[Required work]:
Below is a listing; retype exactly the lines between the one containing "Phong độ gần" and the one containing "Setul de lounge", inclusive, minus the pictures.

[Data in this exercise]:
▶
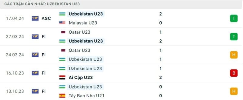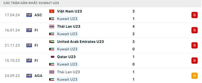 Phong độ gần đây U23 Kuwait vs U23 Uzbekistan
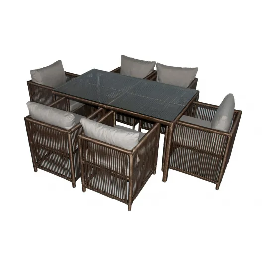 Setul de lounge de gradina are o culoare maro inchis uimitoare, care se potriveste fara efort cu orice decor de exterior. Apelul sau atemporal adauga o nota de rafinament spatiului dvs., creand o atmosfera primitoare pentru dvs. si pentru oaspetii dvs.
◀
▶
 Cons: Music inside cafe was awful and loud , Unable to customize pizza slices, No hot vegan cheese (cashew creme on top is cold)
◀
▶
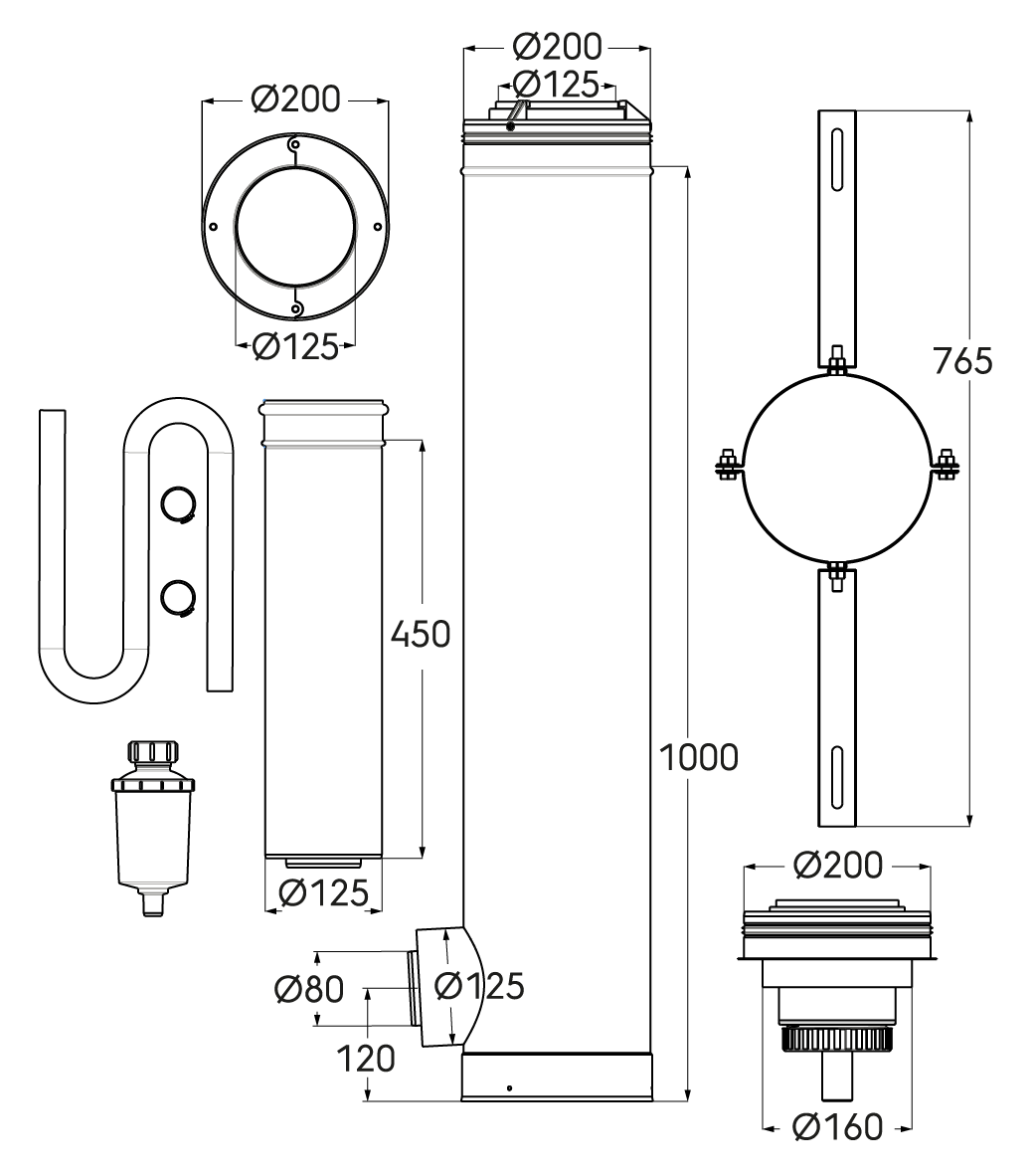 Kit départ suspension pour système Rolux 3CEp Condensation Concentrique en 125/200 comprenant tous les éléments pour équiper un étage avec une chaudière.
◀
[Final answer]:
 Phong độ gần đây U23 Kuwait vs U23 Uzbekistan
 Setul de lounge de gradina are o culoare maro inchis uimitoare, care se potriveste fara efort cu orice decor de exterior. Apelul sau atemporal adauga o nota de rafinament spatiului dvs., creand o atmosfera primitoare pentru dvs. si pentru oaspetii dvs.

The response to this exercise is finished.